— WHAT YOU NEED TO DO —
All of the records that follow need to be copied word for word, without the pictures.

— DATA IN THIS EXERCISE —
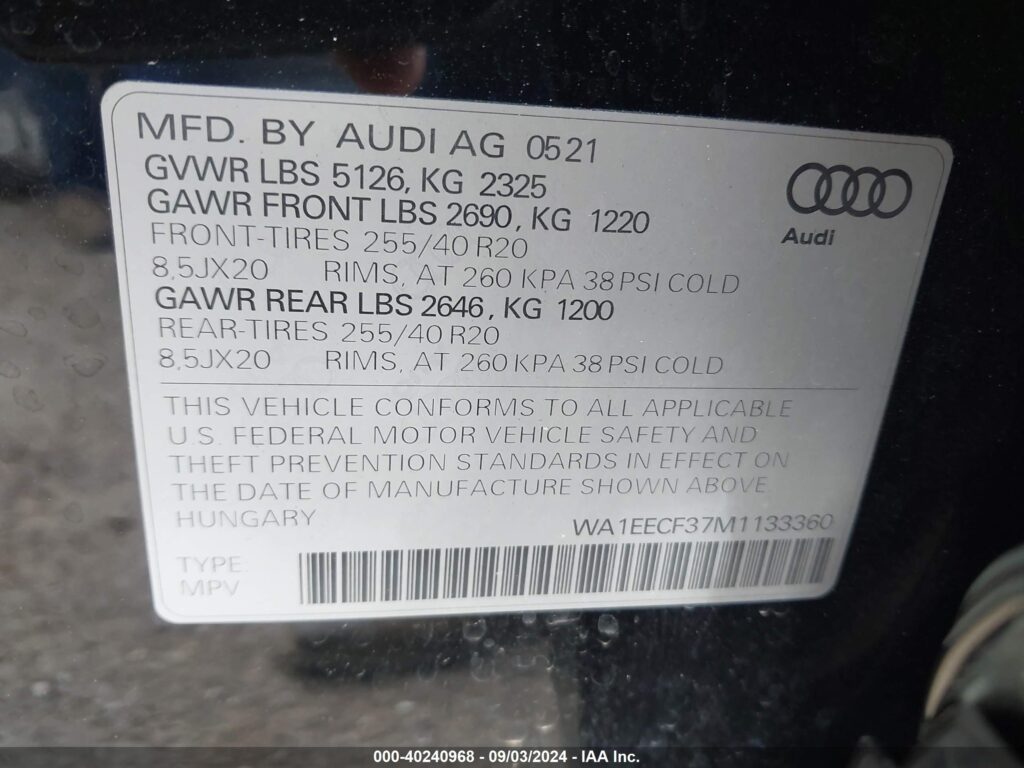 | VIN Number | WA1EECF37M1133360 |
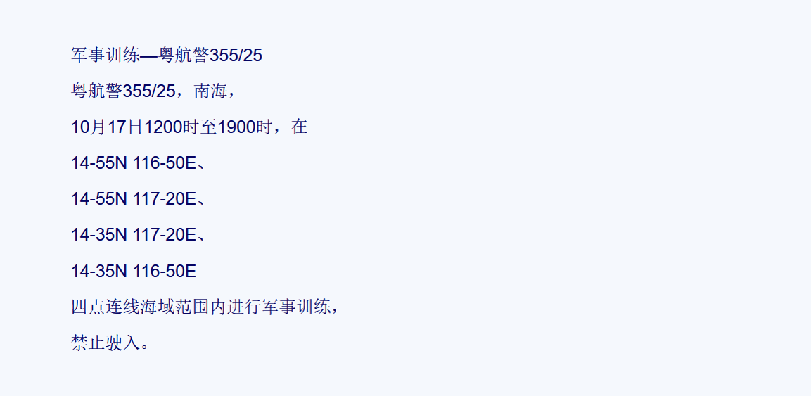 中菲10月16日黄岩岛对峙中,中方海警巡逻舰、海军驱护舰、渔船和空军战斗机等都有参与,包括此前公布了一则航行警告,宣布将在四点连线海域范围内(黄岩岛附近海空域)进行军事训练,一切舰机“禁止驶入”。
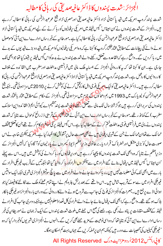 Shidat Pasando Ka Doctor Afia Sadiqi Ki Rihai Ka Mutalba Aljzair
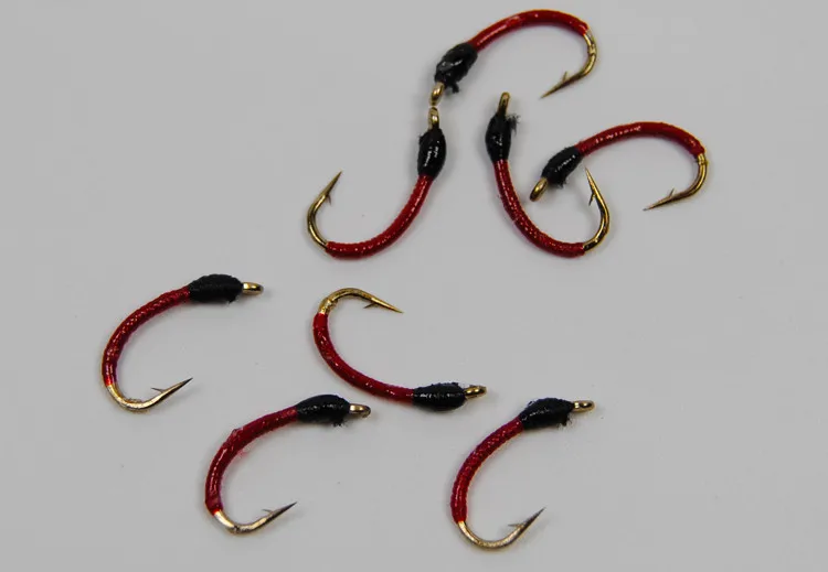 ICERIO 6PCS Red Body Larva Nymphs Trout Fly Fishing Lures #14
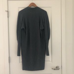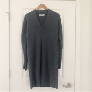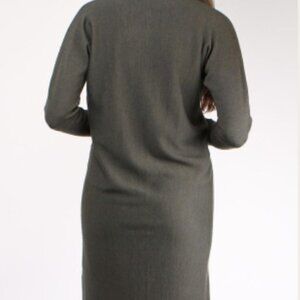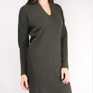 A classic knitted v-neck dress with two front panel seams and fitted ribbed sleeves. Army green/gray
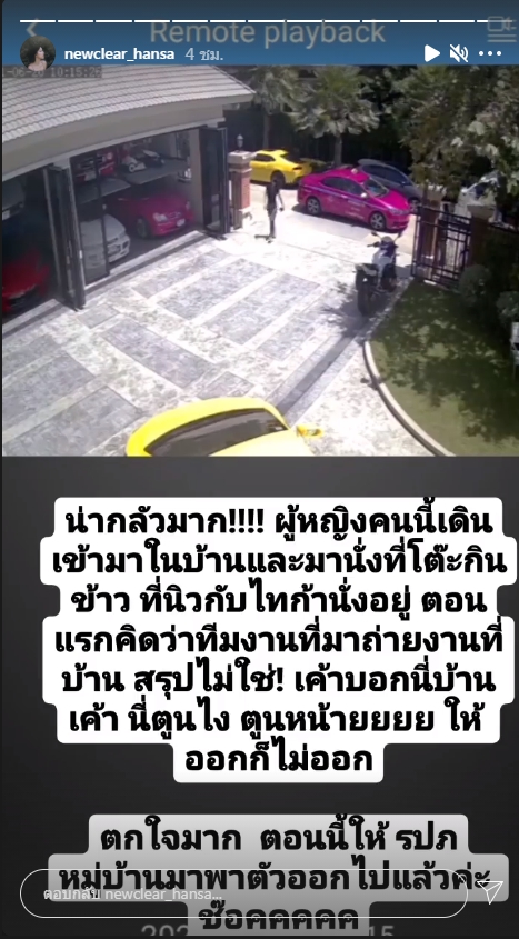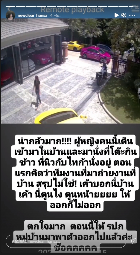 “น่ากลัวมาก ผู้หญิงคนนี้เดินเข้ามาในบ้านและมานั่งที่โต๊ะกินข้าว ที่นิวกับไทก้านั่งอยู่ ตอนแรกคิดว่าทีมงานที่มาถ่ายงานที่บ้าน สรุปไม่ใช่! เขาบอกนี่บ้านเขา นี่ตูนไง ตูนไหน ให้ออกก็ไม่ออก ตกใจมาก ตอนนี้ให้ รปภ.หมู่บ้าน มาพาตัวออกไปแล้วค่ะ ช็อกกกก”
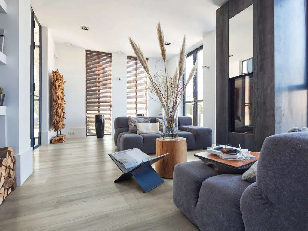 Dieser Designboden ist 6 mm stark. Die Dielen sind im Handumdrehen verlegt–mithilfe der cleveren Klickverbindung Multiclic.
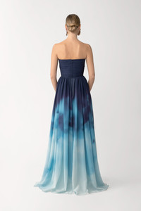The Camille Dress is a strapless chiffon maxi featuring a pleated bodice and a beautiful original print. Designed with a tailored hem length, it moves effortlessly with you—perfect for outdoor occasions. SIZE & FIT • Fits true to size, take your normal size • Fully lined • Length (bust to hem): size 00 - 52.8", size 0 - 54.7", size 2 to size 14 - 56.7" • Model's measurements: height 5'9" bust 32.5" waist 23.5" hips 35" • Model is wearing size 2 MATERIAL & CARE • Shell - 100% Polyester • Lining - 100% Polyester • Garment Care: Hand wash separately or dry clean
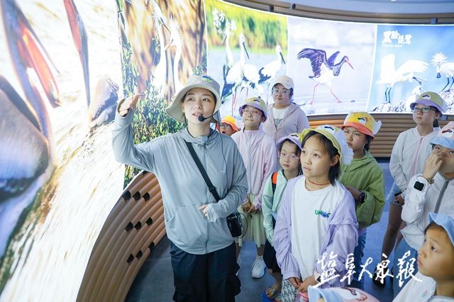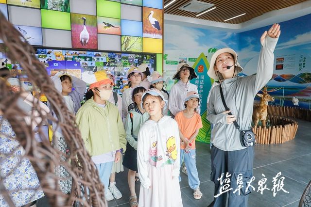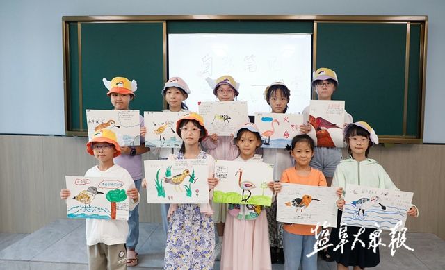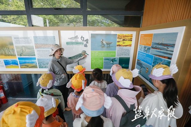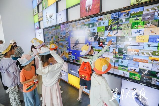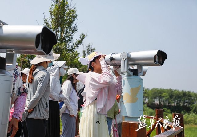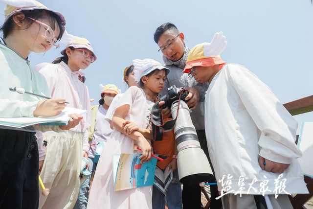 8月15日,《走读自然遗产,呵护大美湿地》公益讲座和爱鸟自然笔记研学活动在世界自然遗产核心区、候鸟天堂条子泥湿地开展。老师手把手地教参加活动的孩子使用操作专业工具、观鸟识鸟,并参观鸟类博物馆,引导大家创作自然笔记。(盐阜大众报报业集团融媒体记者 单丹 摄 通讯员 陆军 )

— EXERCISE OUTPUT —
 | VIN Number | WA1EECF37M1133360 |
 中菲10月16日黄岩岛对峙中,中方海警巡逻舰、海军驱护舰、渔船和空军战斗机等都有参与,包括此前公布了一则航行警告,宣布将在四点连线海域范围内(黄岩岛附近海空域)进行军事训练,一切舰机“禁止驶入”。
 Shidat Pasando Ka Doctor Afia Sadiqi Ki Rihai Ka Mutalba Aljzair
 ICERIO 6PCS Red Body Larva Nymphs Trout Fly Fishing Lures #14
 A classic knitted v-neck dress with two front panel seams and fitted ribbed sleeves. Army green/gray
 “น่ากลัวมาก ผู้หญิงคนนี้เดินเข้ามาในบ้านและมานั่งที่โต๊ะกินข้าว ที่นิวกับไทก้านั่งอยู่ ตอนแรกคิดว่าทีมงานที่มาถ่ายงานที่บ้าน สรุปไม่ใช่! เขาบอกนี่บ้านเขา นี่ตูนไง ตูนไหน ให้ออกก็ไม่ออก ตกใจมาก ตอนนี้ให้ รปภ.หมู่บ้าน มาพาตัวออกไปแล้วค่ะ ช็อกกกก”
 Dieser Designboden ist 6 mm stark. Die Dielen sind im Handumdrehen verlegt–mithilfe der cleveren Klickverbindung Multiclic.
The Camille Dress is a strapless chiffon maxi featuring a pleated bodice and a beautiful original print. Designed with a tailored hem length, it moves effortlessly with you—perfect for outdoor occasions. SIZE & FIT • Fits true to size, take your normal size • Fully lined • Length (bust to hem): size 00 - 52.8", size 0 - 54.7", size 2 to size 14 - 56.7" • Model's measurements: height 5'9" bust 32.5" waist 23.5" hips 35" • Model is wearing size 2 MATERIAL & CARE • Shell - 100% Polyester • Lining - 100% Polyester • Garment Care: Hand wash separately or dry clean
 8月15日,《走读自然遗产,呵护大美湿地》公益讲座和爱鸟自然笔记研学活动在世界自然遗产核心区、候鸟天堂条子泥湿地开展。老师手把手地教参加活动的孩子使用操作专业工具、观鸟识鸟,并参观鸟类博物馆,引导大家创作自然笔记。(盐阜大众报报业集团融媒体记者 单丹 摄 通讯员 陆军 )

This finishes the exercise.